The good news is that Salesforce comes out of the box with a suite of powerful tools for monitoring security, as well as support from a world-class SecOps team. The bad news is that that complexity we mentioned above — it means businesses need to work harder to use those tools effectively.
We’ve put together a bunch of links and other resources on this page that will help you better understand Salesforce security — how it works, what’s at stake and what you can do to build a tighter Org from the ground up.
Salesforce Security Assessment: Understanding Risk
Risk assessment in IT systems will always involve some degree of triangulation. Systems leadership must consider several factors, including the value of the asset at risk, the severity of the threat and the cost involved in mitigating it. So before we start looking at the nuts and bolts of data security in Salesforce, it’s worth reviewing some general risk management best practices.
Free Salesforce Security Tools and Resources
Your organization chose Salesforce for a reason — the platform’s ubiquity means there are plenty of resources and tools available for managing security. Some of them are in your Org today; others are available through the extensive third-party ecosystem of Salesforce apps and thought leadership.
Salesforce Health Check
The Salesforce Security Health Check is a tool included with almost all versions of Salesforce. It helps systems leadership quickly identify potential vulnerabilities in your security settings, and monitor overall security health on an ongoing basis.

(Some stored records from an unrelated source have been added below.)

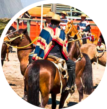
Gauchos beim Rodeo, Chile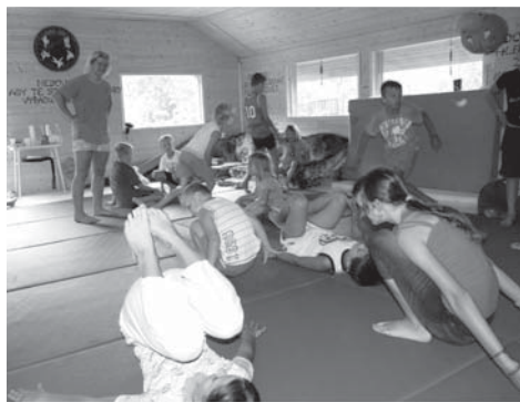
I nejmladší členové závodního týmu se v srpnu zúčastnili soustředění na Skalici.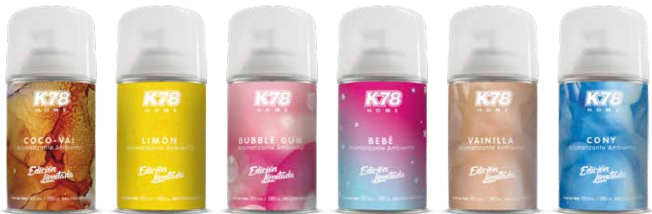
Coco-Vai Limón Bubble Gum Bebé Vainilla Cony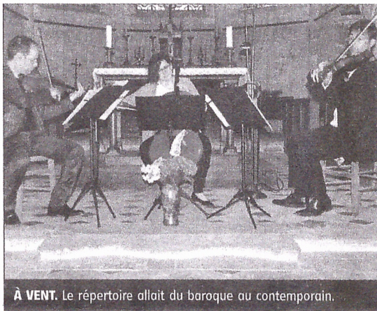
À VENT. Le répertoire allait du baroque au contemporain.

Le trio Joseph Hel s'est arrêté mercredi à Dry, le temps d'un concert donné en l'église.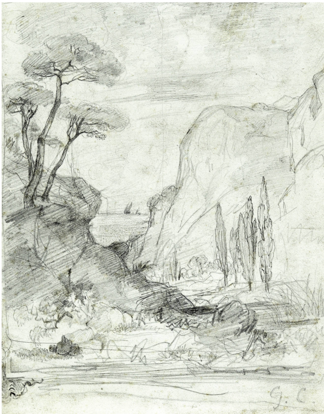
Fig. 2: Gustave Courbet, Paysage de l'Hérault , 1854 ou 1857. Crayon au graphite sur papier, 21,5 × 17 cm. Collection privée.

peinture sont rarissimes, ce qui est tout l'inverse des autoportraits dessinés, par exemple, dont il existe souvent un pendant pictural. Le Paysage des Essarts-Cendrins du musée de Boston (figure 3) peut toutefois être rattaché à plusieurs peintures des environs d'Ornans exécutées par le maître. Les qualités d'œuvre d'art autonome de ce dessin sont d'ailleurs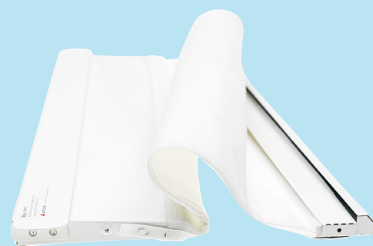
Böjbara Flexi monteras enkelt bakom element

Luftdonet Flexi placeras bakom elementet (radiatorn) i övriga utrymmen såsom vardagsrum och sovrum. Här tillförs ny luft som är filtrerad och förvärmad. Den friska luften strömmar genom bostaden och fångar upp föroreningar på sin väg till spiskåpa och frånluftsvan­tiler.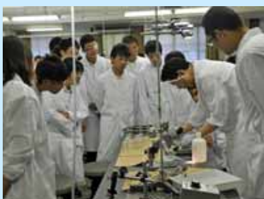
生理学実習の様子

9月20日(火)に膳所高校の理数科1年の生徒39名が講義と実習のため本学に来ました。同校の2年生は基礎医学講座受講のため4月から何度か来学していますが、1年生は初めてです。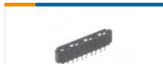
TE 产品编号5-520315-3 TRIOMATE ASSY V 3P L=3.556LDFR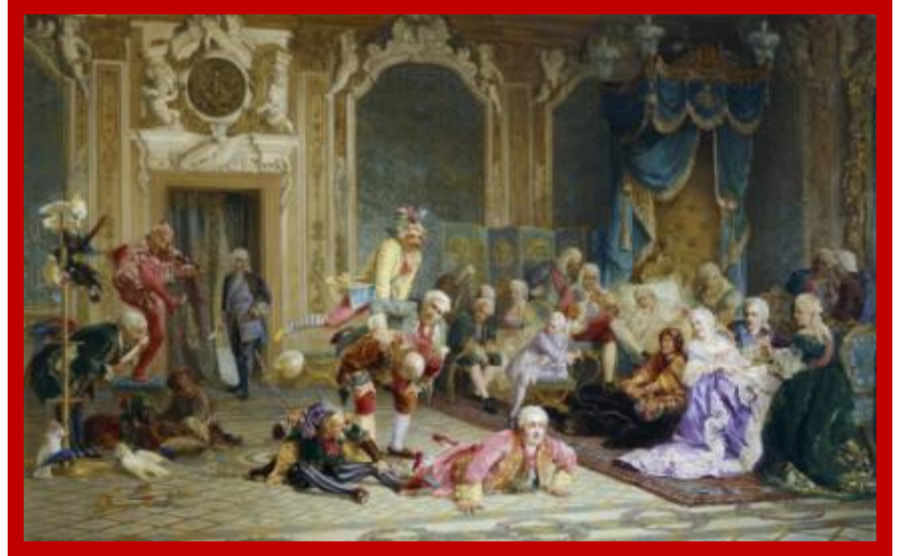
Якоби Валерий Иванович. Шуты при дворе императрицы Анны Иоанновны.

1730-1740 гг. - правление Анны Иоанновны Племянница Петра I, вышедшая замуж за герцога Курляндского, прозвище «Кровавая», «Митавская затворница».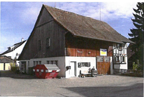
0113 Südwest- und Südostfassade

Bautyp Landwirtschaftsbau - Vielzweckbauernhaus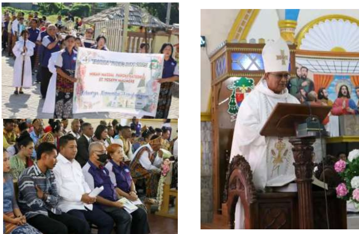
Gambar 3. Upacara Pernikahan Massal Katolik

Hasil dari proses pastoral yang telah dilaksanakan dalam Program Pernikahan Massal Katolik dapat diuraikan sebagai berikut. Ada beberapa penjelasan yang disampaikan para responden berkaitan dengan sumber pengetahuan tentang sakramen perkawinan. Hanya sedikit (16%) responden baru sungguh-sungguh mempelajari tentang nilai-nilai sakramen perkawinan saat mengikuti KPP. Hampir separuh (48%) yang menyadari bahwa orangtua telah menyiapkan bekal jangka panjang untuk membangun hidup berkeluarga, yaitu melalui tradisi masyarakat setempat di Kabupaten Sikka yang telah mengajarkan tentang Sakramen Perkawinan sebagai bentuk ikatan yang syah dalam suatu perkawinan. Para responden ini (48%) mengungkapkan bahwa orangtua yang telah memberi teladan dan menanamkan iman serta ajaran Gereja Katolik yang kuat. Orangtua cenderung mengarahkan anak-anak mereka untuk memilih pasangan yang sama-sama beriman Katolik dengan kepribadian baik supaya perkawinan hanya berlangsung satu kali seumur hidup. Namun dalam wawancara mendalam terungkap dari para responden bahwa disamping pengajaran tentang sakramen perkawinan yang mereka terima dari Kursus Persiapan Perkawinan, teladan orangtua pun sangat berpengaruh dan meneguhkan mereka untuk membangun komitmen perkawinan yang utuh. Sebanyak 86% dari responden menafsirkan nilai-nilai, harapan, dan transformasi yang dialami oleh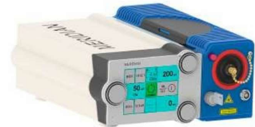
MERILAS 810 SHORTPULSE LÁSER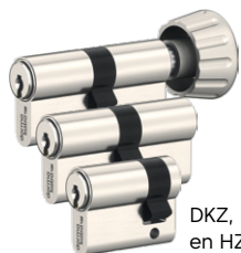
DKZ, DZ en HZ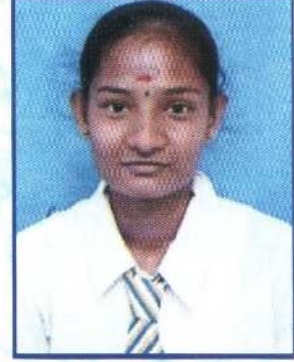
அ.ஜனுஷா தரம் 13 திறனாய்வுப் போட்டி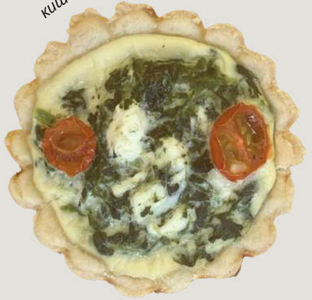
киш с чери домати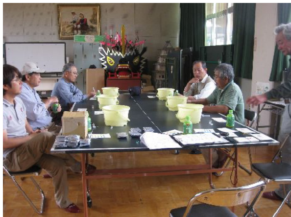
「身近な川や水辺の健康診断」パックテスト

約 400 年前に造られたと言われている長瀬陣屋跡の二の堀は長瀬地区のシンボルです。この貴重な水空間の環境保全・改善活動をしています。また、協働のまちづくりを進める東根市において、モデル事業となった「おらだな広場」作りにも主体的役割を果たし、地域おこし運動にも積極的に協力し活動しています。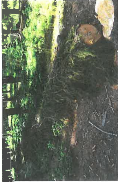
Lapák zakrytý větvením

Lapák je pokácený a odvětvový strom, podložený (aby brouci mohli využít celou plochu kmene) a zpravidla zakrytý větvením (zpmalení vysychání kůry). Káci se před předpokládaným začátkem rojení, tj. zpravidla do konce března. Lapáky se musí kontrolovat, a to především z důvodu jejich obsazení, aby bylo možné včas přikácet další lapáky. Ty se přikacují, je-li lapák plně obsazen (cca 1 závrt na 1 dm 2 v nejhustější napadené části kmene). Současně se kontroluje vývoj lýkožrouců, aby bylo možné lapáky včas asanovat.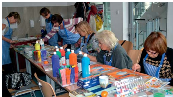
Warsztaty „Lubię poniedziałki” w OKM.

Szczegółowe informacje na temat oferty edukacyjnej znaleźć można na naszej stronie internetowej www.nmm.pl .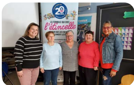
CPE Ses Amis, Boucherville

CPE Ses Amis, Boucherville Académie internationale Charles-Lemoyne, Longueuil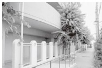
遊歩道（住宅敷地内）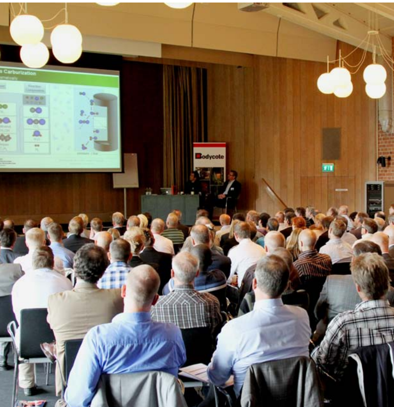
Seminarier gav deltagarna värdefull information och goda möjligheter att skapa bättre nätverk för framtida problemlösningar och samarbete.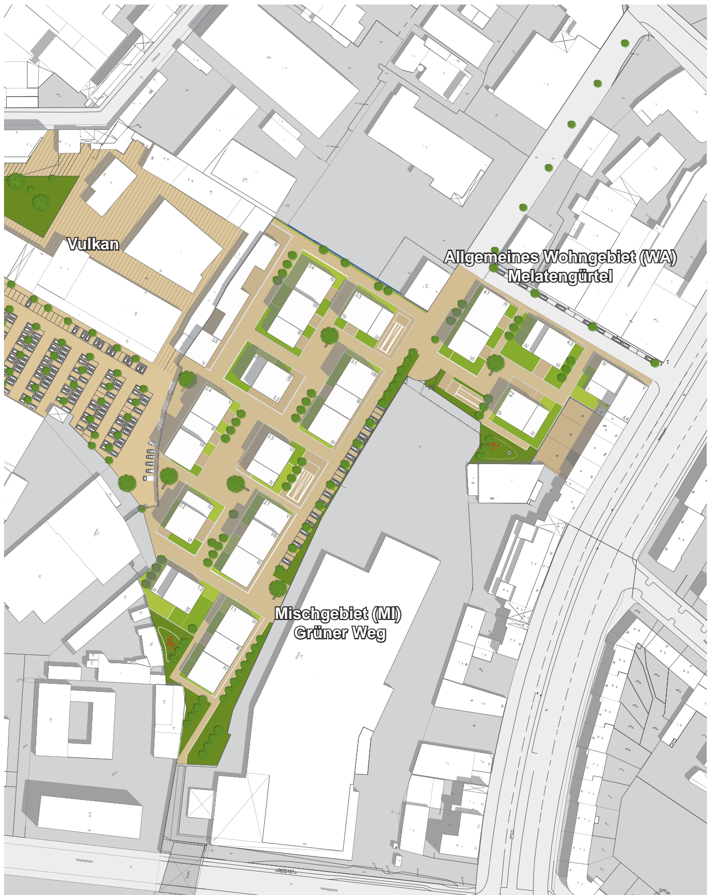
Lageplan zum Entwicklungskonzept Grüner Weg: M:1:2.000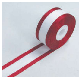
[16] 000980 1.5"赤耳リボン W36mm・L29m 1巻 ¥1,700 レーヨン・ナイロン 出荷単位:5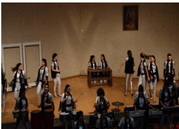
Foto 5: Auditorio Instituto Andes, presentación a directora (también se realizó aquí el toque a AVEPANE), filmación a baile.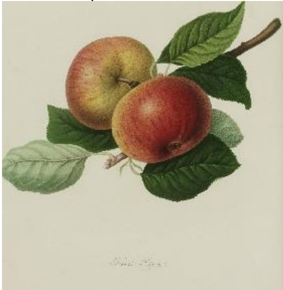
Pomona Londinensis 1818, William HOOKER.

EPIDERME : Jaune clair ou d'or, presque tout lavé et surtout fouetté de rose tendre sensiblement plus foncé à l'insolation. Lenticelles nombreuses, grosses, gris squameux.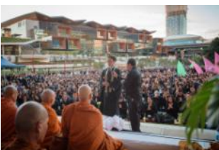
I chanted in front of 20,000 Thailand related people (17/10/16).

Running the Salesforce Security Health Check is one of the first things you should do to improve security in your Org.
Salesforce Data Classification
Salesforce introduced data classification metadata fields as part of its ‘19 summer release. This feature allows you to add data classification tags to any field in a standard or custom Object. By identifying data that’s more sensitive, or in scope for regulatory compliance, you can build more effective controls to protect it.
Data classification is critical to data governance, which in turn is a key part of overall Salesforce security.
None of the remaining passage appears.